═══ Data to use

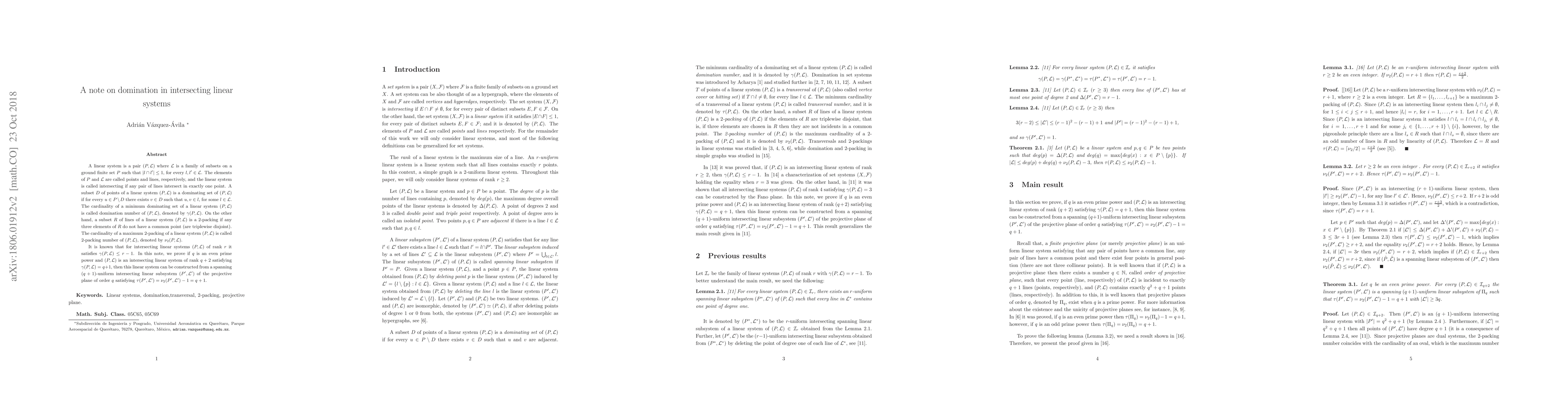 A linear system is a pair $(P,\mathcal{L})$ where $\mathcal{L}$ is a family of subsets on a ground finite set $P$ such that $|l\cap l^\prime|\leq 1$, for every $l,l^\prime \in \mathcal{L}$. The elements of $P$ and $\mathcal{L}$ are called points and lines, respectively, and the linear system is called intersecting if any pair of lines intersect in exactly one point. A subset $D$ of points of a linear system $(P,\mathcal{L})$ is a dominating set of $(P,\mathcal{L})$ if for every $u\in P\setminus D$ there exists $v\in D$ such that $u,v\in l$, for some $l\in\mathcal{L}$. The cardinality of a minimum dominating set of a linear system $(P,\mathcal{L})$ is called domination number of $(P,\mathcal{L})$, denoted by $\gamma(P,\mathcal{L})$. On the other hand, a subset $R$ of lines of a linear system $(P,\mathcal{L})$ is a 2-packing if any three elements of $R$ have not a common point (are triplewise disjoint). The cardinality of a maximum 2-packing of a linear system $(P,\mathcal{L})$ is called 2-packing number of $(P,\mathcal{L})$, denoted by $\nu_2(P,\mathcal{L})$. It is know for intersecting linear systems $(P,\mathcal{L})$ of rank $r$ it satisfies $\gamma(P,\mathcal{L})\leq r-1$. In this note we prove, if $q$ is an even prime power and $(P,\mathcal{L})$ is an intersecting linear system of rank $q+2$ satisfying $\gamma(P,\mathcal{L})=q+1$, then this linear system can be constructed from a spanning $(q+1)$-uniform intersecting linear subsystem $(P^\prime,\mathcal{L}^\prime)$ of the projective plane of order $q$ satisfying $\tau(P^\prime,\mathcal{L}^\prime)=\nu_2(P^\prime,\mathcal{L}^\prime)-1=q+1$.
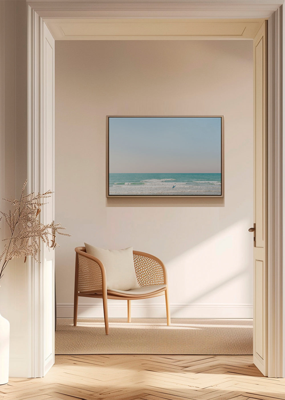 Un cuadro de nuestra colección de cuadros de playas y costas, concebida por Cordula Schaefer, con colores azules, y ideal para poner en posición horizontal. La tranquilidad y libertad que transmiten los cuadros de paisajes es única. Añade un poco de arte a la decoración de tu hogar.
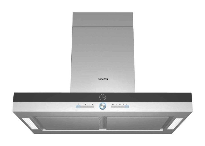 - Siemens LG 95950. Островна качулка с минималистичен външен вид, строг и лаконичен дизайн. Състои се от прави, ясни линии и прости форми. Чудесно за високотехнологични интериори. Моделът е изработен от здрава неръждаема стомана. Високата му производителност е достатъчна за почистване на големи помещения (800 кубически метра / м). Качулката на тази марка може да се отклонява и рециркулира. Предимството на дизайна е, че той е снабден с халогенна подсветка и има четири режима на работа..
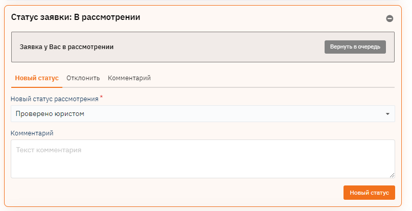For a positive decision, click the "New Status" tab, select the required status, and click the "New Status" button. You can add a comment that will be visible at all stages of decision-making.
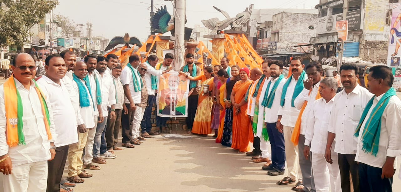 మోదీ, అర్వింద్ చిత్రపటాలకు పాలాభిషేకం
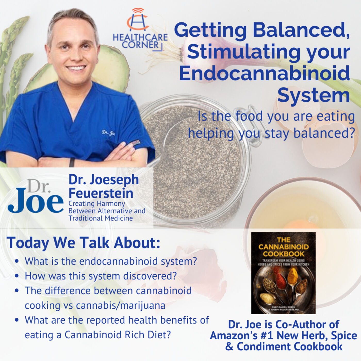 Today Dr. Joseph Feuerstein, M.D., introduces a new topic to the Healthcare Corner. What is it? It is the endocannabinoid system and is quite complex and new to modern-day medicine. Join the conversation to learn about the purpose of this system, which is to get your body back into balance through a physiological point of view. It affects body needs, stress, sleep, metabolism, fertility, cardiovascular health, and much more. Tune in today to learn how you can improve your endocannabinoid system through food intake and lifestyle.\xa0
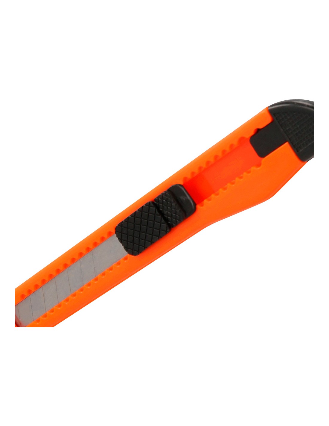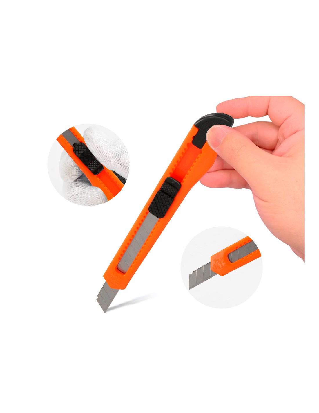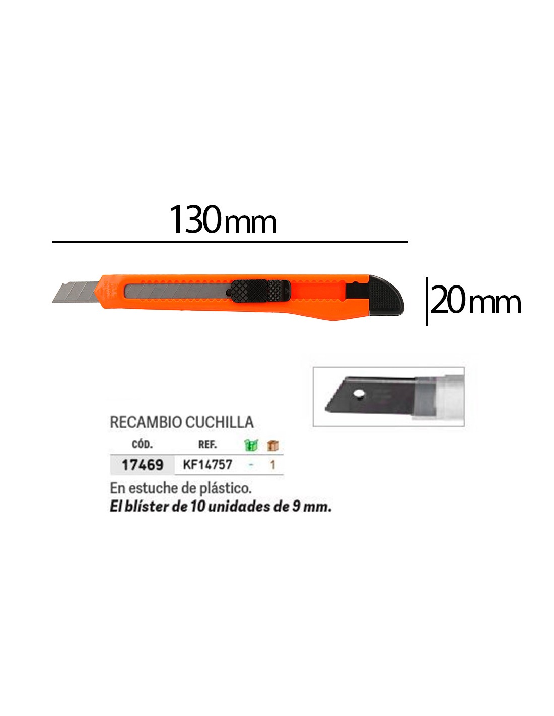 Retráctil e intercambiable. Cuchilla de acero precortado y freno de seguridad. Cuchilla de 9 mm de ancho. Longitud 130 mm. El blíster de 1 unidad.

══════
═══ Data to use

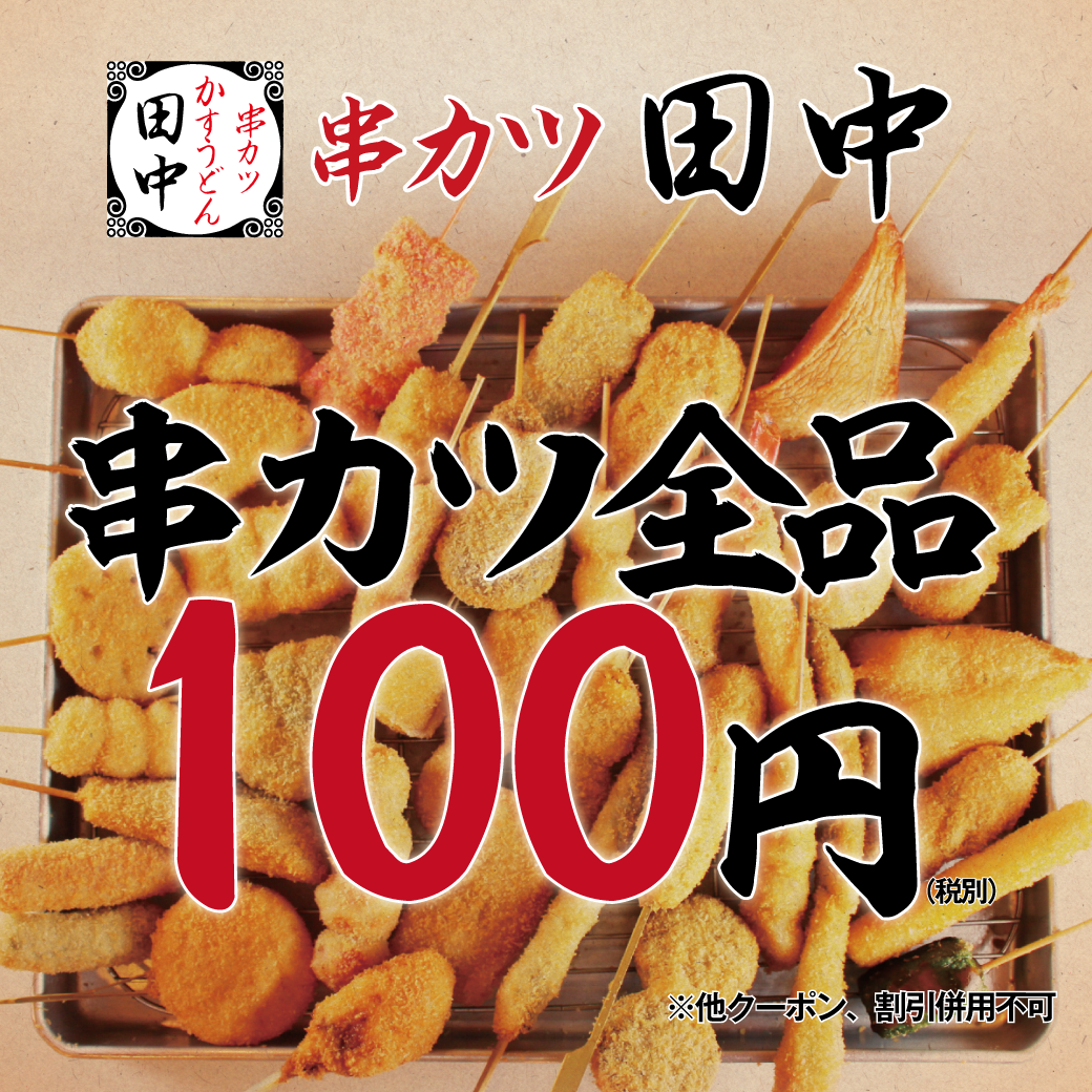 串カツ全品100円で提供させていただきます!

══════

- [Task instructions]: Quote word for word only the lines above from the one containing "For a positive" through the one containing "Retráctil e intercambiable.". Pictures stay out of your copy.

- [Problem solution]:
For a positive decision, click the "New Status" tab, select the required status, and click the "New Status" button. You can add a comment that will be visible at all stages of decision-making.
 మోదీ, అర్వింద్ చిత్రపటాలకు పాలాభిషేకం
 Today Dr. Joseph Feuerstein, M.D., introduces a new topic to the Healthcare Corner. What is it? It is the endocannabinoid system and is quite complex and new to modern-day medicine. Join the conversation to learn about the purpose of this system, which is to get your body back into balance through a physiological point of view. It affects body needs, stress, sleep, metabolism, fertility, cardiovascular health, and much more. Tune in today to learn how you can improve your endocannabinoid system through food intake and lifestyle.\xa0
 Retráctil e intercambiable. Cuchilla de acero precortado y freno de seguridad. Cuchilla de 9 mm de ancho. Longitud 130 mm. El blíster de 1 unidad.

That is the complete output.